*DATA EXCERPT*
┄┄┄┄┄┄┄┄┄┄┄┄┄┄┄┄┄┄┄┄

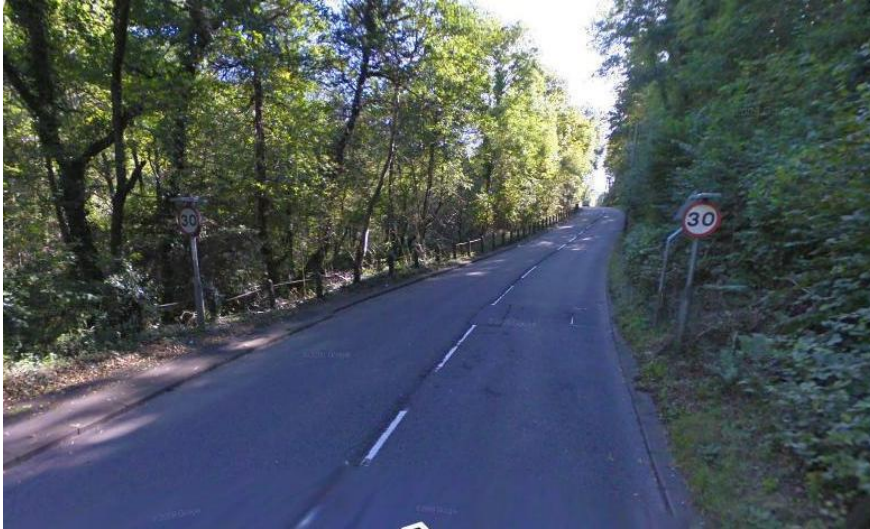
Figure C3: 30mph gateway signs on entrance to residential area
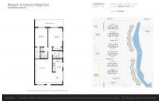
Built in 1974/1978 - 796 units - 2 floors

The above valuated price is a baseline figure that does not take into account any specific renovation, upgrade, split, merge, or deterioration of the unit.
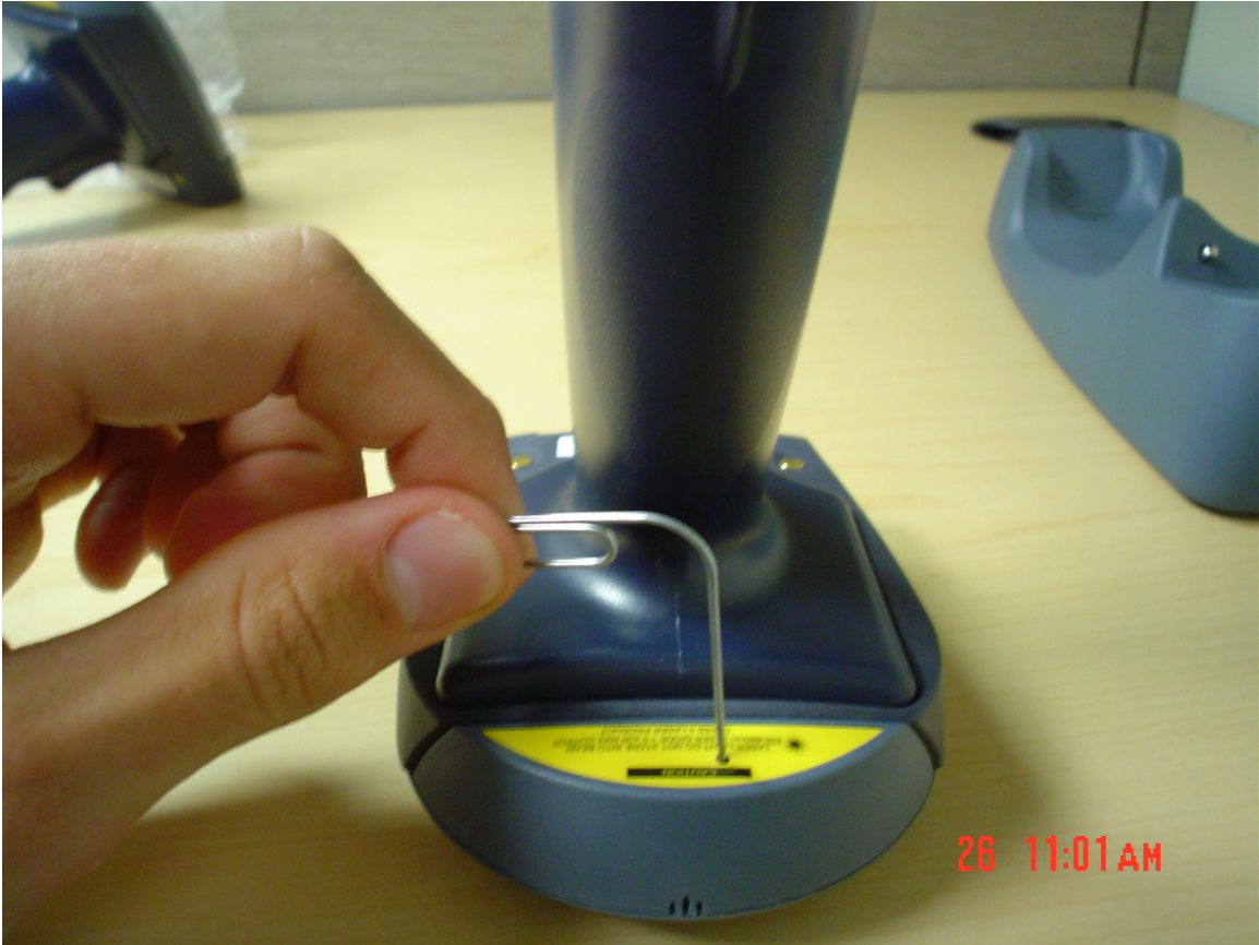
Step 3. Flip cradle over and set to appropriate communication method,

┄┄┄┄┄┄┄┄┄┄┄┄┄┄┄┄┄┄┄┄

*DIRECTIONS FOR THIS TASK*
Where the line with "The above valuated" appears, begin there and transcribe exactly through the last line of the data, leaving all pictures aside.

*RESPONSE BOX*
The above valuated price is a baseline figure that does not take into account any specific renovation, upgrade, split, merge, or deterioration of the unit.
Step 3. Flip cradle over and set to appropriate communication method,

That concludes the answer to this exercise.